# Howdy from a Texas Aggie!



## maypearlflash (Apr 11, 2012)

Howdy Everyone,

My name is Jennifer or you can call me Pearl. Pearl was a nickname that I got on another freemason chat site b/c my e-mail address has that in it and it was a short cut for them. So you can call me Pearl or Jennifer or whatever. I am an Eastern Star and Mother Advisor of a Rainbow Assembly. I am a majority member of Dallas #33 IORG and am currently Mother Advisor of that same assembly. I really enjoy all that I do. I live south of Dallas Texas. I enjoy talking on the phone, texting, meeting new people and playing with my Great Dane Dixie. I hope to get to know lots of you on here as I have in the past with others on different other Freemason Chat sites that I have been a member of. Thank you for taking the time to get to know me. If you have any questions just ask and I will see if I have the answer for you. Thank you again!

Jennifer


----------



## Blake Bowden (Apr 11, 2012)

Awesome! It's great to have you here! Please let me know if I can be of assistance!


----------



## Txmason (Apr 11, 2012)

Jennifer!

Howdy and welcome to Masons of Texas!
Have fun and look forward to hearing from you. 

Best,

Bro. Jerry Johnston
San Jacinto #106 A.F.&A.M.
Marshal 2011-2012

Arabia Shrine
Assistant Photographer

Yourreflectionphotography.com

Sent from my iPhone using Freemasonry


----------



## JTM (Apr 11, 2012)

hey Jennifer, I'm the JW over at Brazos Union.  Stop by our 1st Saturday Breakfasts... 8 am - 10 am, or on First Fridays... we hang out and hand out water/have activities for the kiddoes.


----------



## maypearlflash (Apr 11, 2012)

Thank you guys for the warm welcome...I really appreciate it and look forward to the fellowship with others of the Masonic Family!


----------



## harraid5711 (May 16, 2012)

Whoop!
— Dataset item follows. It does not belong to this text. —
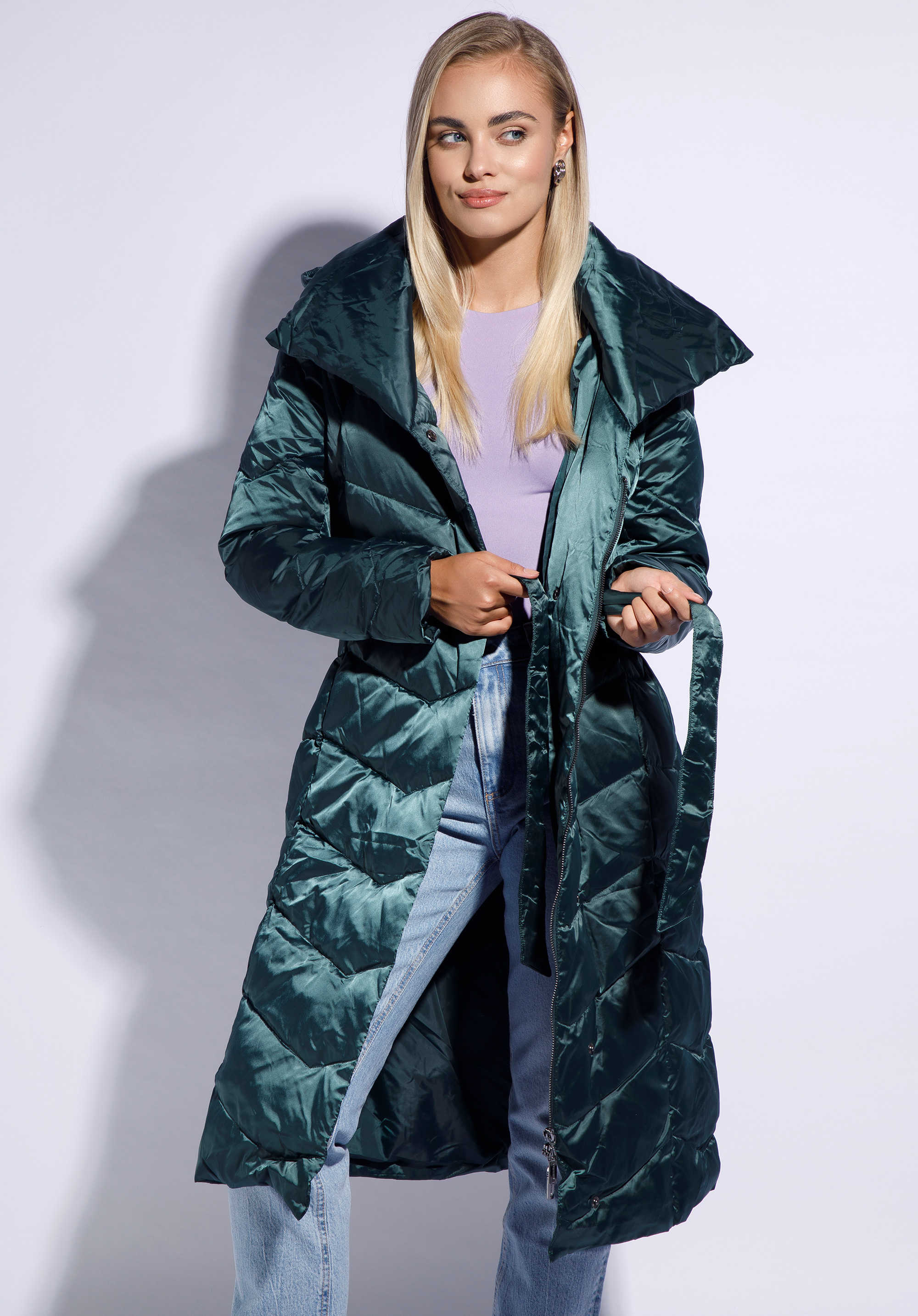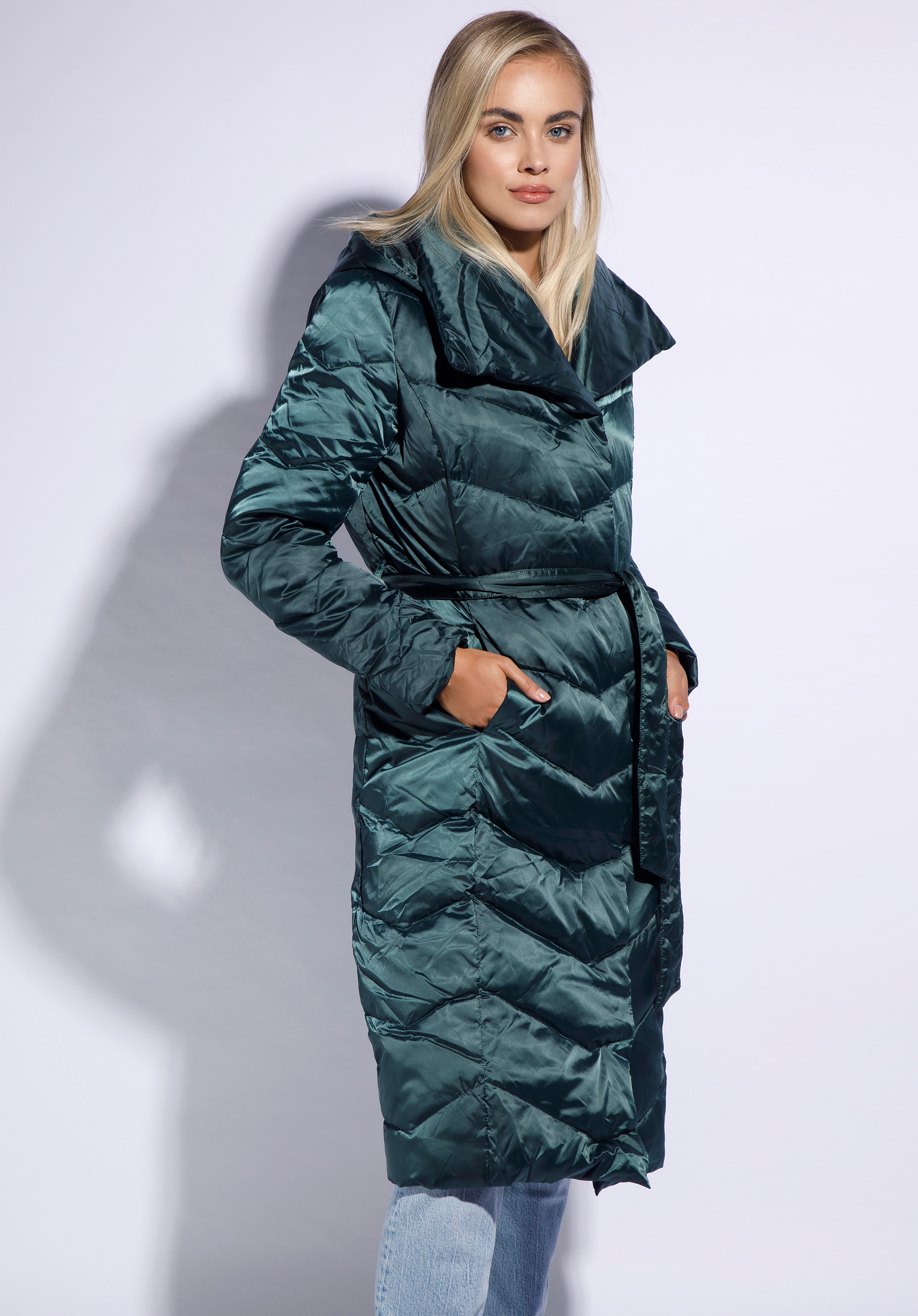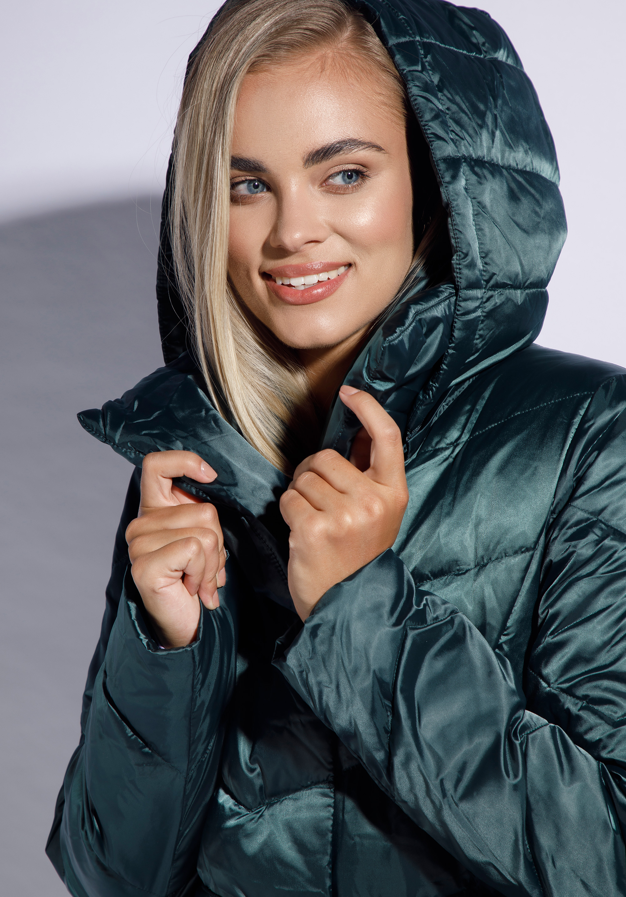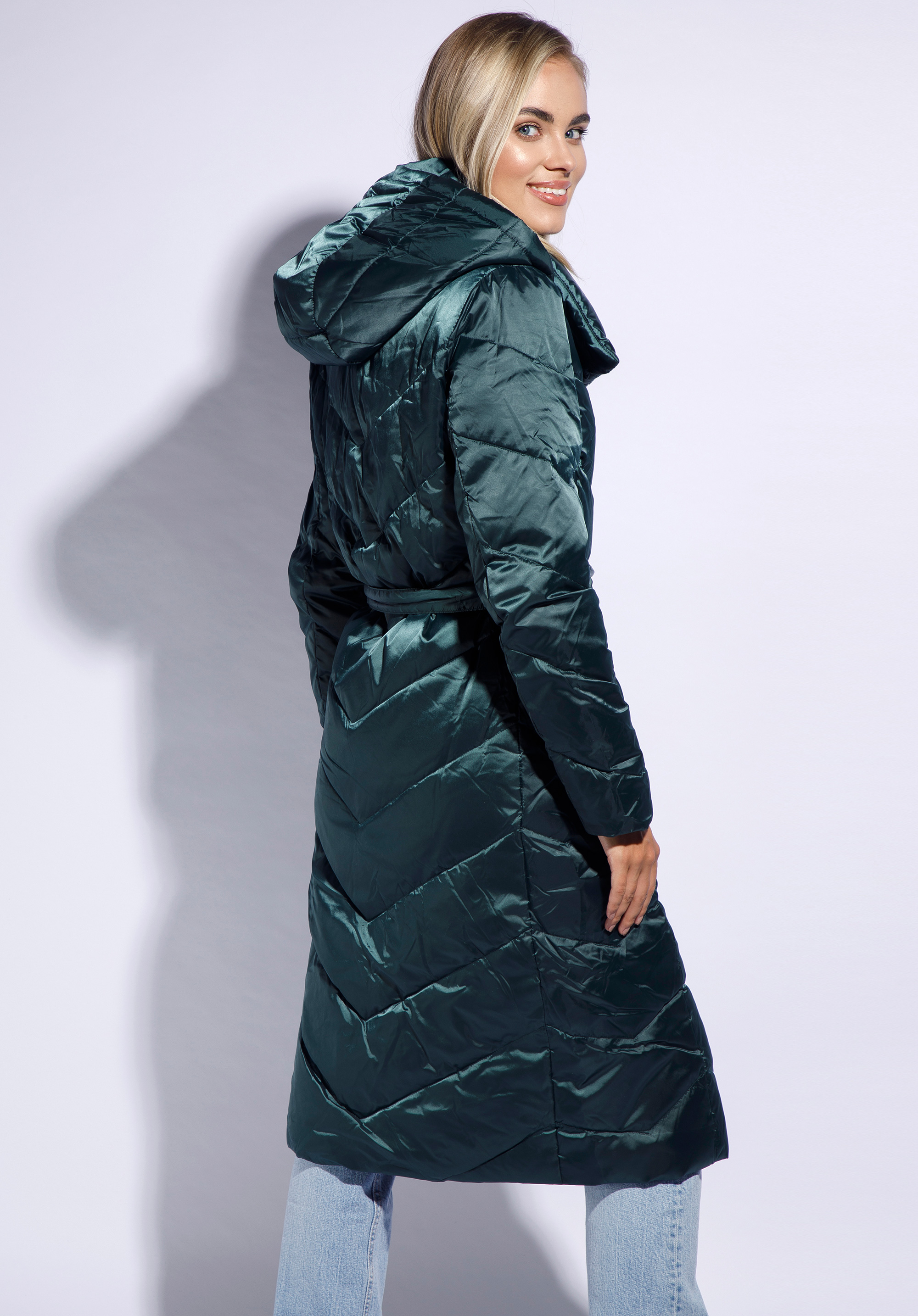 Płaszcz z lekkim, ale ciepłym wypełnieniem – 50% puchu, 50% pierza – izoluje od zimna, jednocześnie nie pogrubiając sylwetki. Wysoki kołnierz wygląda bardzo stylowo i chroni przed podmuchami wiatru. Dodatkowo płaszcz ma kształtny kaptur, który możesz odpiąć. Śliska podszewka sprawia, że ubranie, które masz pod płaszczem, nie fałduje się. Płaszcz ma lekki połysk i zygzakowate przeszycia, które przykuwają wzrok i optycznie wysmuklają. Damski płaszcz z kapturem przyjemnie otula sylwetkę bez dodawania objętości; z pewnością chętnie sięgniesz po niego w chłodniejsze jesienne oraz zimowe dni. Nasza rada: dla odmiany odepnij kaptur i otul się kołnierzem.

Greetings from a fellow Aggie, class of '03.


----------



## Bro. Stewart P.M. (May 19, 2012)

I thought that you sounded familiar....

Welcome to Masons of Texas!


----------



## SeeKer.mm (May 20, 2012)

Welcome to the forums!  Pardon my ignorance, but what is an Aggie?


----------



## Bro. Stewart P.M. (May 20, 2012)

SeeKer.mm said:


> Welcome to the forums!  Pardon my ignorance, but what is an Aggie?



Another name for a "special education" student who has graduated from Texas A&M University. LMAO!!!


----------



## hlnelson (May 27, 2012)

Welcome  Jennifer


----------